Radiographic imaging was performed in n = 41 (82%) of the patients, revealing bilateral lung involvement in n = 26 of those patients (64%), and unilateral in n = 7 (17%). In n = 8 (19%) of the older adults, no abnormalities were found in radiographic imaging. Consolidations were the most commonly described findings (n = 38 (76%)), followed by occasional ground-glass opacities (GGO) (n = 10 (24%)) and pleural effusion (n = 9 (22%)).

A combination treatment regimen (more than one type of pharmacotherapy) was employed in all but two patients during their stay in the hospital. Antiviral therapy was administered in n = 17 (34%) of the patients, including mainly lopinavir/ritonavir (n = 12 (24%)) and, to a lesser extent, oseltamivir (n = 4 (8%)) and valganciclovir (n = 1 (2%)). An aminoquinoline derivative, chloroquine, was prescribed to n = 43 patients (86%). Antibiotic therapy was prescribed in all but four patients. Among antibiotics, macrolides and cephalosporins were most commonly used (n = 29 (58%) and n = 24 (48%), respectively). Other antibiotics used included glycopeptide antibiotics (n = 1 (2%)), carbapenem-type antibiotics (n = 10 (20%)), oxazolidinones (n = 3 (6%)), and tetracyclines (n = 1 (2%)). As many as n = 24 patients were treated with two different antibiotics and n = 2 patients with three. Anticoagulants were also given accordingly (n = 36 (72%)); among them, n = 4 were treated with oral anticoagulants.

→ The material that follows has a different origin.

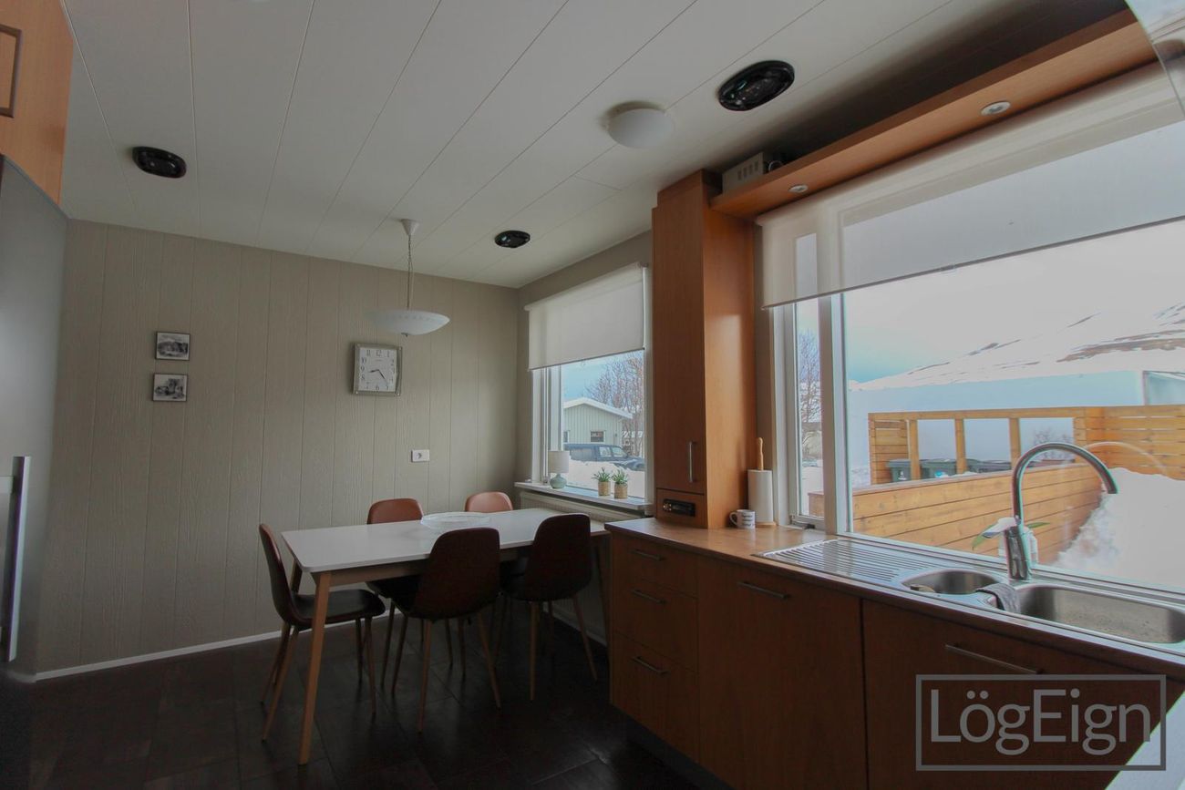 Stofa: stofan er mjög rúmgóð og nýtist bæði sem sjónvarpsstofa og borðstofa. Stórir gluggar sem gefa rýminu góða birtu.

The mean duration of hospital stay was 21.7 ± 14.5 days (median: 16.5; range: 4–57). There were n = 20 subjects (40%) who died during the hospitalization. Fifteen of them died within the first 15 days. No further fatal outcomes were reported during the 60 days period. On average, the non-survivors were significantly older than the recovered patients ((78.3 ± 9.7 years (median: 78; range: 66–99) vs. 72.4 ± 8.5 years (median: 70; range: 61–89), p < 0.05)). The duration of stay also varied between non-survivors and survivors ((15.4 ± 13.0 days (median: 11; range: 4–57) vs. 26.0 ± 14.1 days (median: 22.5; range: 6–56], p < 0.01)).

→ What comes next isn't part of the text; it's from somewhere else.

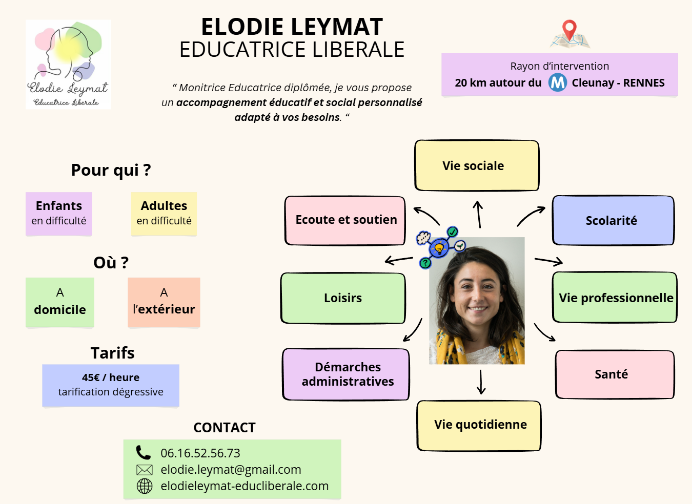 A travers cette activité libérale, je vous propose de vous rencontrer afin d' identifier ensemble vos besoins. Par la suite, je pourrais vous proposer des accompagnements ponctuels ou réguliers pour vous aider à maintenir ou développer votre autonomie au quotidien, votre vie sociale et votre bien-être.

The comparison of clinical parameters and laboratory results between survivors and non-survivors are presented in Table 1 and Table 2. No differences in the frequency of typical symptoms were observed on admission (e.g., fever, dyspnea, and muscular pain). However, in non-survivors, there was a tendency to more frequent exacerbation of chronic somatic diseases (p = 0.06). Moreover, a similar pattern was observed for cognitive impairment (p = 0.09). There was also no difference for the COVID-19 clinical status (survivors: Mild, 9/30 (30%); Moderate, 15/30 (50%); Severe, 5/30 (17%); Critical, 1/30 (3%); non-survivors: 2/20 (10%), 9/20 (45%), 6/20 (30%), and 3/20 (15%), respectively; p = 0.15).

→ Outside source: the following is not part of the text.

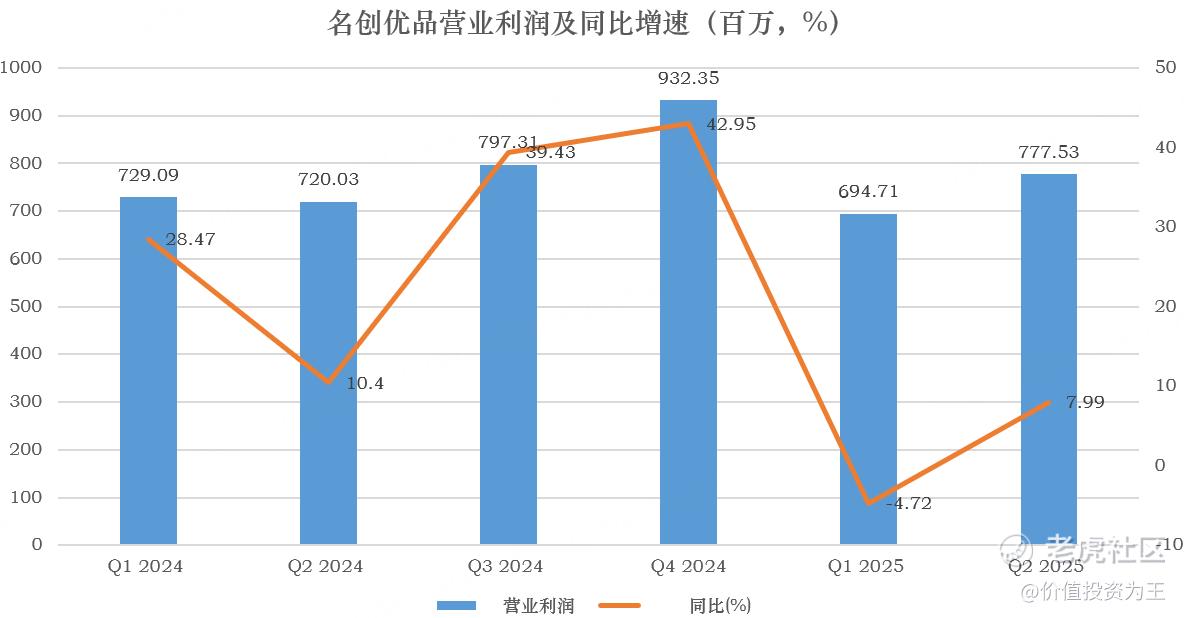 由此来看,名创优品二季度净利润下滑并非经营层面出现问题,如果看营业利润,二季度同比增长8%:

As far as comorbidities are concerned, notably, no significant difference was observed when comparing the frequency of cardiovascular diseases. However, when excluding hypertension and assessing heart diseases alone, they were observed to occur more commonly in non-survivors (p < 0.05). A nonsignificant tendency was also found for a higher frequency of diabetes in this group (p = 0.07). No other differences were observed.

Non-survivors had significantly higher WBC count, inflammatory markers (CRP, PCT, and IL-6), and LDH on admission, as compared to survivors (p < 0.05). RBC count, hematocrit, and hemoglobin were detected to be significantly lower in those who were discharged from the hospital (p < 0.01). There was no difference in the frequency of renal insufficiency (survivors: 9/30 (30%); non-survivors: 10/20 (50%); p = 0.23) and liver enzymes abnormalities (survivors: 5/21 (24%); non-survivors: 4/17 (24%); p = 0.72). Detailed laboratory results are presented in Table 2.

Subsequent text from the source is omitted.